Print the listing below only from the line that has "There are many" through the line that has "ใบหูมีสีส้ม จมูกมีสีส้ม เป็นแมววัยรุ่น", exactly, and drop any picture.

*** Raw data ***

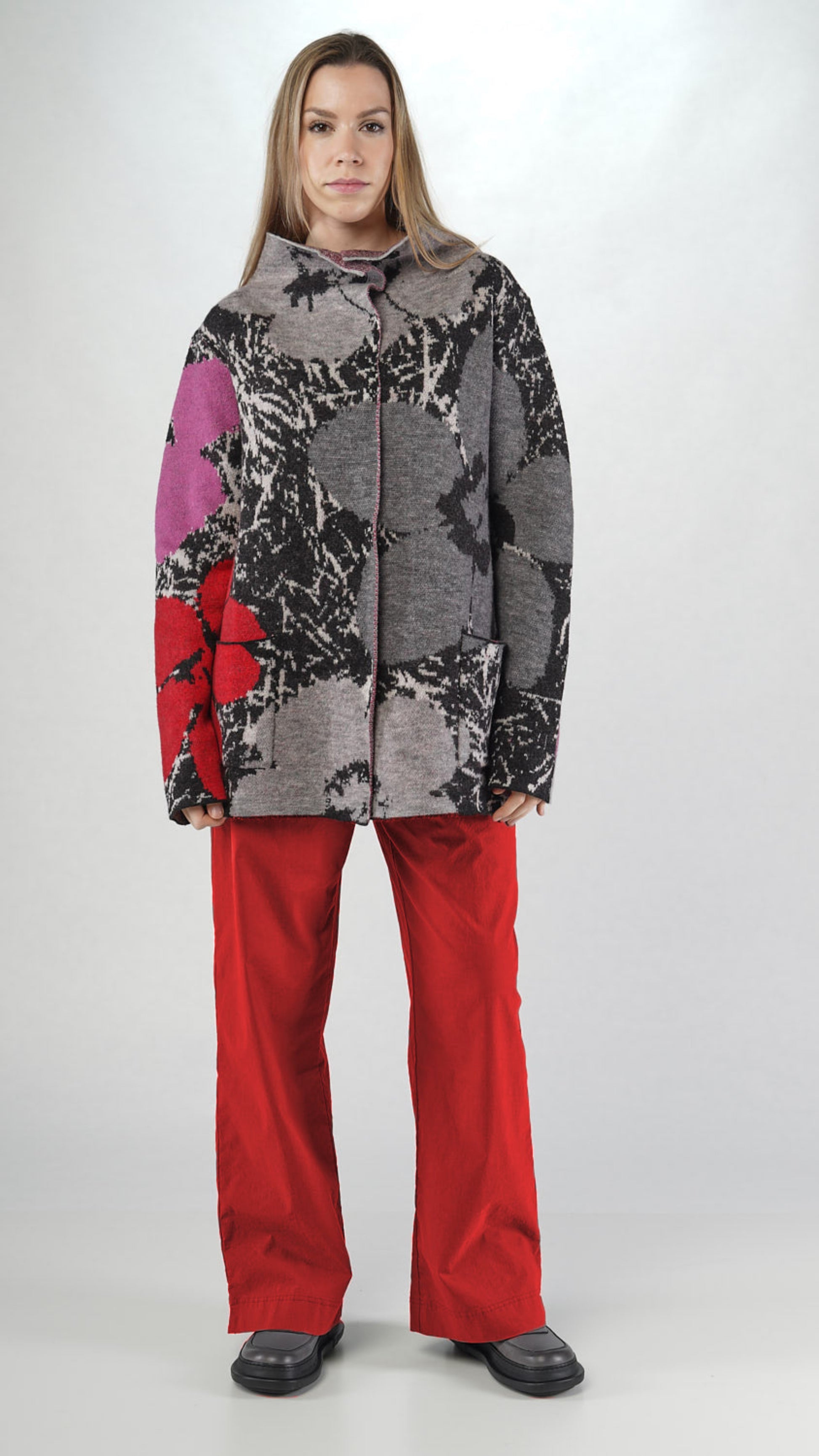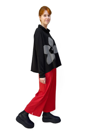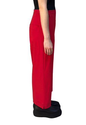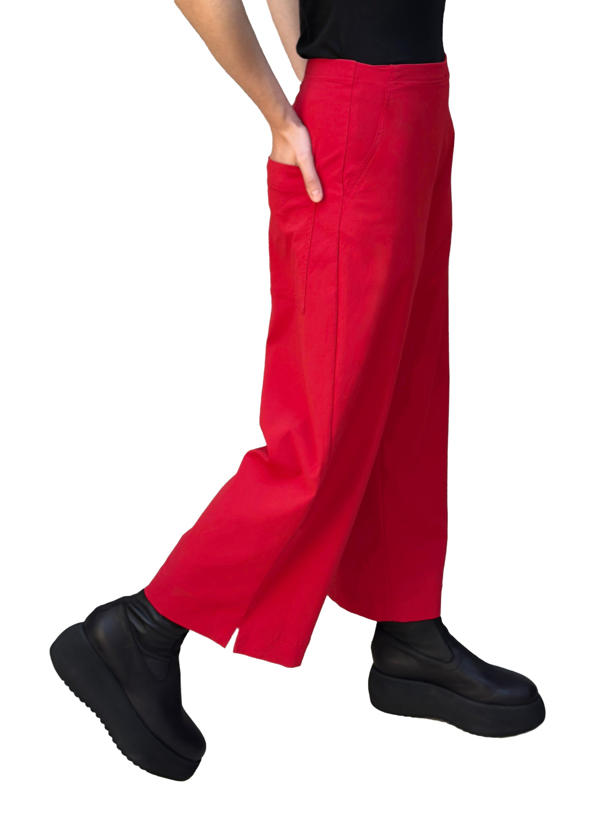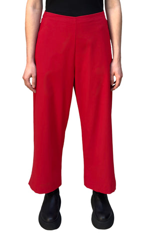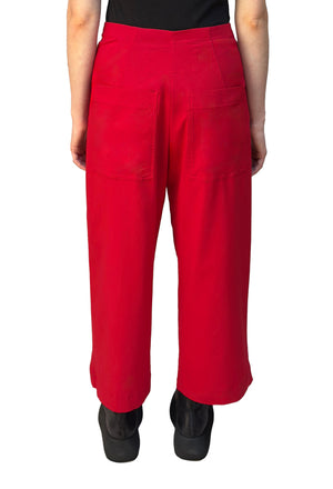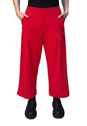A wide-leg pant in an elastic stretch blend featuring a small ribbed texture. It is a regular-rise, pull-on pant with a flat front waist and elasticized back. This pant has slash pockets at the front and two large patch pockets at the back. It falls to the ankle in length.
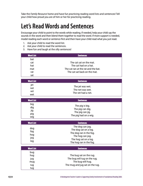 There are many ways to support your child in reading words. For example, provide opportunities for your child to practice reading words in a list or on flashcards. It is also important for children to practice reading words in sentences and stories.
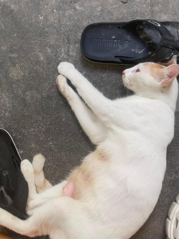 ใบหูมีสีส้ม จมูกมีสีส้ม เป็นแมววัยรุ่น เพิ่งคลอด
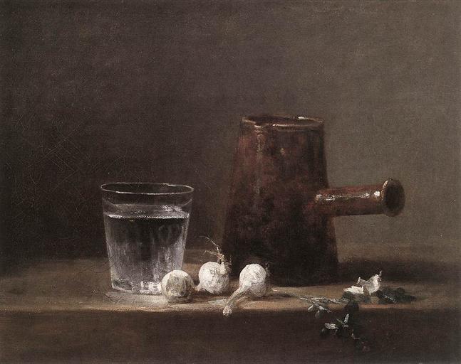 | Keywords: Jean Siméon Chardin - Water Glass and Jug - WGA04775.jpg Artwork Creator Jean Siméon Chardin ca 1760 Oil on canvas size cm 32 5 41 Institution Carnegie Museum of Art object history credit line accession number WGA link 4775 http //www wga hu/art/c/chardin/2/08waterj jpg http //www wga hu/html/c/chardin/2/08waterj html PD-old-100 painting still-life French 1701-1750 Still life paintings by Jean Siméon Chardin Still-life paintings of glassware Chardin Paintings in the Carnegie Museum of Art WGA form painting WGA type still-life WGA School French WGA time period 1701-1750 Glasses of water 1760s paintings from France 1760s still life paintings 1760s oil on canvas paintings in the United States 17th-century still life paintings in the United States Jugs in art Garlic in art Pottery in French painting |

*** End of Raw data ***

(Written solution):
 There are many ways to support your child in reading words. For example, provide opportunities for your child to practice reading words in a list or on flashcards. It is also important for children to practice reading words in sentences and stories.
 ใบหูมีสีส้ม จมูกมีสีส้ม เป็นแมววัยรุ่น เพิ่งคลอด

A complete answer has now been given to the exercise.